# Spec Needs Cleaver advice



## spec (Nov 27, 2012)

Hey Guys,

I need some Cleaver advice...

I just inherited a flock of chickens in need of Butcher...18 of them...AND  discovered that my beloved HIKORO 7" older than I am... cleaver got stolen out of the back of my truck when my chainsaw, Cooking crate, and stuff  last week 

I need a good Cleaver for 50 bux or under...

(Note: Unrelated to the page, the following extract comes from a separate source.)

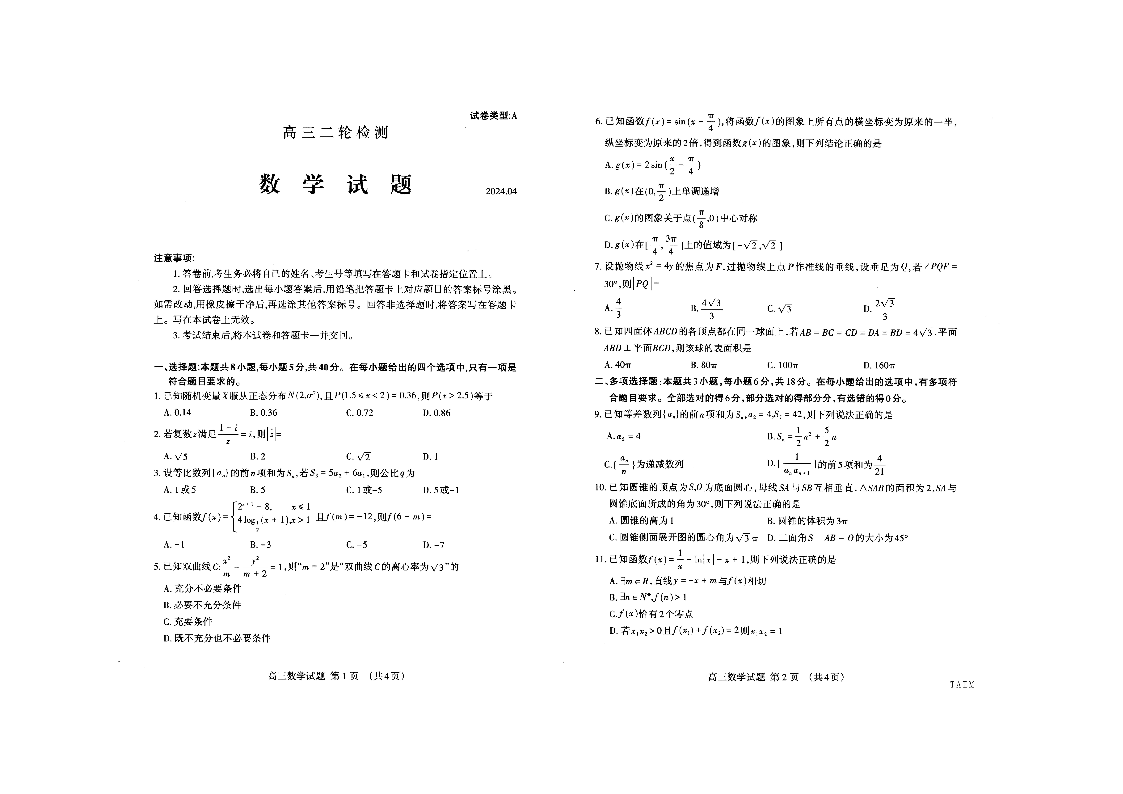 2山东省泰安市2024.4高三年级第二次模拟数学

NSF handle and a curved heavy, full tange, curved blade

Any suggestions on where to find such an animal?


----------



## diggingdogfarm (Nov 27, 2012)

Check eBay.

Are you killing them with a cleaver?

You don't need a cleaver to do that, it fact, it's recommend that you don't chop the head off.
If you just sever the jugular with a knife, the heart will beat longer, pumping out all the blood.


~Martin


----------



## spec (Nov 27, 2012)

Diggin

I'm working in a small space, and kind of fond of them. and will be working with someone who has never butchered a live bird, too messy and I might be doing this alone...I really hate the slaughter but don't mind the cleaning...plus they are mostly stew hens, I've always used a cleaver for 1/4ing

No plucking a quick skin and 1/4

I'm not going to bother with the wings just 1/4 them off keep the drumstick/thigh for sausage

Hell it's been 15 years or better since I butchered any birds


----------



## diggingdogfarm (Nov 27, 2012)

Nuttin' wrong with stew hens, I love 'em.

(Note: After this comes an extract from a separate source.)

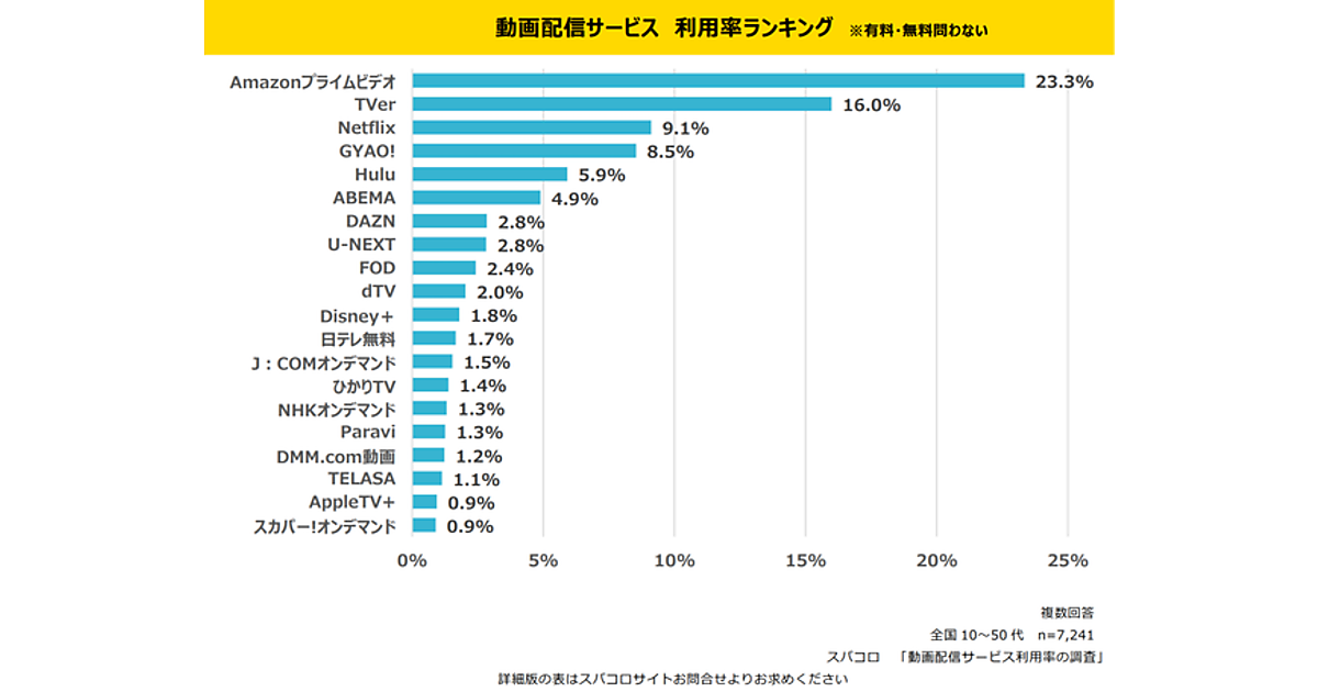 調査対象となったサービスは、Amazonプライムビデオ(アマプラ)、Hulu、TVer、Netflix、U-NEXT、dTV、DAZN、Paravi、ABEMA、Disney+、FOD、ひかりTV、NHKオンデマンド、スカパー!オンデマンド、TELASA、TSUTAYA TV、DMM.com動画、GYAO!、RakutenTV、J:COMオンデマンド、AppleTV+、日テレ無料、テレ朝動画、テレ東動画、TBS FREE(順不同)。

We used to raise as many as 1.300 fryers and broilers on pasture each summer until we got sick of it. LOL
Now no more than a couple hundred.

~Martin


----------



## pops6927 (Nov 27, 2012)

http://www.acemart.com/search.ep?keyWords=cleaver&ac=1

http://www.hubert.com/pres56417/Dexter-Russell-Sani-Safe-1sup1-sup-sub2-sub-Lb.-Cleaver.html

should do it!

Or, go to your local Restaurant Supply, they should have it!


----------



## spec (Nov 27, 2012)

DiggingDogFarm said:


> Nuttin' wrong with stew hens, I love 'em.
> We used to raise as many as 1.300 fryers and broilers on pasture each summer until we got sick of it. LOL
> Now no more than a couple hundred.
> ~Martin


Ya me too..

Little rub set over night and in the rotis. oven...We only did 75 or so cornish rock cross's and 15-20 old hen stock each season.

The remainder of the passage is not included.